We can learn to prevent some destructive conflicts before they occur. For example, conflicts of wants, needs, ideas, values, limited resources, and possible solutions. We can learn to manage other conflicts in ways that produce constructive outcomes. And we can learn to effectively resolve conflicts when they are neither preventable nor manageable. But most people and organizations lack the resources to do this on their own. That is why Michael Wolf’s expertise adds so much value when you and your organization encounter conflict that becomes a barrier to solving important problems associated with making critical decisions.
Organizations that want to learn how to prevent and manage conflict retain Michael to coach, teach and facilitate traditional and interest-based bargaining, labor-management committees/forums, partnering initiatives, strategic planning, organizational needs assessments, and associated action planning initiatives. Michael also develops and delivers expert training for mediators, leaders who want to improve their active listening and other communication skills, and organizational representatives who are responsible for growing or repairing constructive workplace relationships.
Organizations that need assistance resolving the most challenging conflicts retain Michael to mediate collective bargaining matters, multi-party negotiations, negotiability disputes, institutional grievances and arbitration exceptions, class action EEO complaints, high-value (including 8- and 10-figure) workplace matters, and some of the most complex, sensitive legal disputes.
WORK HISTORY
FEDERAL LABOR RELATIONS AUTHORITY (FLRA.GOV)
From 2010 to 2018 and from 2021 to 2025, Michael served as the Director of the Federal Labor Relations Authority (FLRA) Collaboration and Alternative Dispute Resolution Office (CADRO). During most of that time, he also served as an unfair labor practice (ULP) Settlement Official for the FLRA Office of Administrative Law Judges. Michael and his team helped federal agencies and labor organizations discover constructive ways to constructively manage and resolve more than 900 complex, significant, sensitive, and controversial institutional workplace disputes. Cases most often arose as negotiability disputes over collective bargaining language, appeals of arbitration awards, impasses during term labor contract negotiations, and seemingly intractable ULP complaints. Michael added value and minimized transaction costs by helping parties settle matters in ways that improve organizational effectiveness and efficiency, improve quality of employee work life, and maintain constructive working relationships. Michael and his team also delivered facilitation, training and advisory services to help employers and unions more effectively prevent, manage, and resolve workplace conflicts, improve problem-solving relationships, and grow constructive workplace cultures. In addition, Michael and his team grew internal ADR culture at the FLRA by serving as coach, trainer, mentor, mediator, facilitator, and occasional ombuds.
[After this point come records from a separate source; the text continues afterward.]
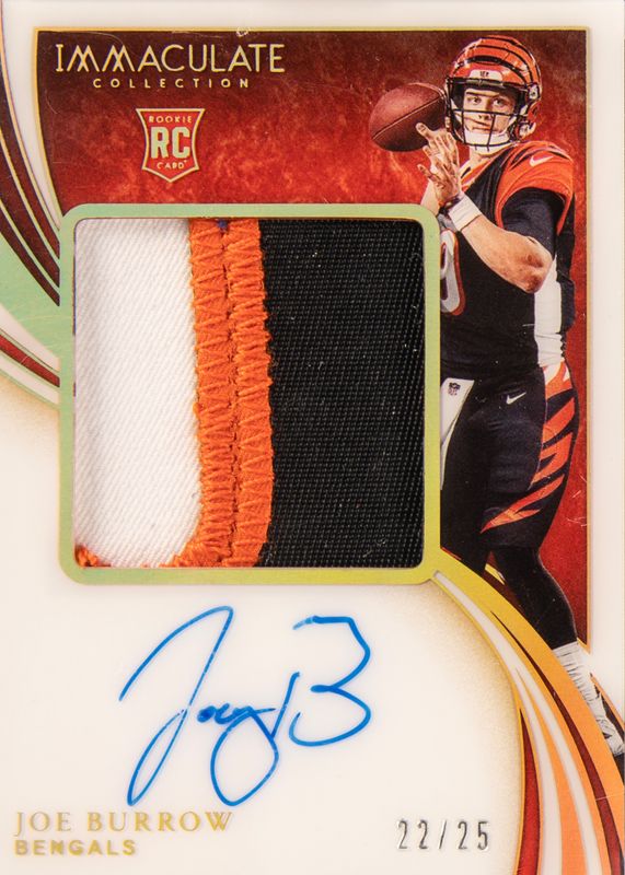 The Joe Burrow 2020 Immaculate #PPR-JBU Premium Patch Rookie Autographs - Gold /25 card in Raw condition has not changed in price in the last 30 days and was last sold for $4,028.40 .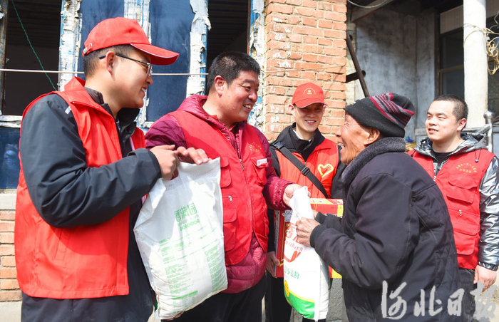 3月17日,青年志愿者刘意(左二)和伙伴一起,为平山县宋家口村90岁的孤寡老人韩贵锁送来米面油等生活用品。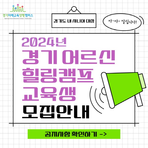 경기도평생교육진흥원 경기미래교육 양평캠퍼스(이하 양평캠퍼스)가 경기도 어르신을 대상으로 4월부터 11월까지 진행되는 ‘2024년 경기 어르신 힐링캠프’ 참가 기관을 선착순으로 모집한다.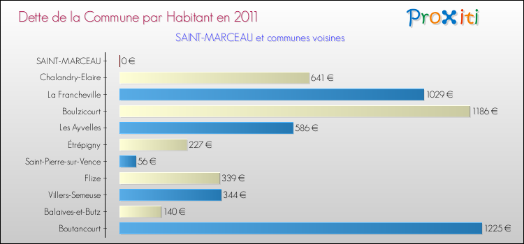 A noter : la valeur moyenne de la dette par habitant des communes françaises similaires à Saint-Marceau était de 523 € par habitant, en 2011.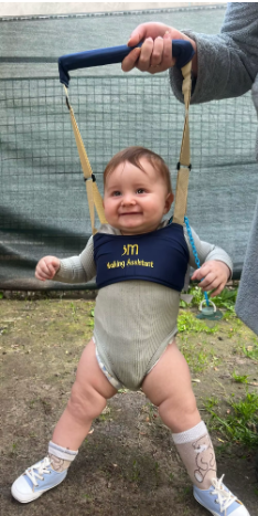 El arnés se recomienda desde que el bebé ya sostiene bien la cabeza (aprox. 3–4 meses) y quiere mantenerse de pie con ayuda.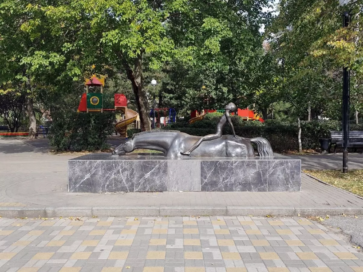 Первая остановка — скульптура «Купание коня» на территории бывшей Доломановской слободы. У композиции есть второе название – «Лето». Автором является знаменитый скульптор Анатолий Скнарин. Благодаря невысокому постаменту на спину бронзового коня часто садятся играющие дети или туристы для фотографий.

The Chairman designated Michael to lead the FLRA's multi-year strategic planning process. Michael involved 40 FLRA employees in the successful developmental process. He concurrently served as the agency’s EEO Director. Michael was honored to receive the FLRA Chairman’s Certificate of Appreciation, Special Act Awards, his colleagues’ Peer Superlative Award, and annual performance awards.
PRIVATE PRACTIONER
During a brief attempt at “retirement” from federal service, Michael served as the Senior Labor Relations/EEO Consultant to the Office of Negotiation and Dispute Resolution (NDR) in the Air Force General Counsel’s Office at the Pentagon (ADR.AF.MIL). This entailed serving as a full-time executive coach, consultant, project developer, strategic planning coordinator, and professional development instructor. Michael served as the NDR Director’s principle internal advisor, represented the NDR Office in several matters at the Pentagon and with other elements of DoD, led development of NDR projects, served as an instructor concerning negotiation and dispute resolution matters at the Air Force Judge Advocate General's School at Maxwell AFB, AL; at the Army Judge Advocate General's School in Charlottesville, VA; and twice at Joint Base Andrews, VA.
During this time, Michael separately:
· Mediated a large class action case pending before the EEOC;
· Trained state hearing officers and labor mediators;
· Served as the keynote speaker at the DoD annual ADR and Conflict Management Symposium;
· Served as a trainer for the American Bar Association annual Dispute Resolution Conference;
· Served as a trainer for the federal Interagency ADR Working Group;
· Served as a trainer for an ABA Dispute Resolution Section webinar;
· Served as a seminar leader for Washington University School of Law; and
· Served as a trainer at the Association for Conflict Resolution annual conference.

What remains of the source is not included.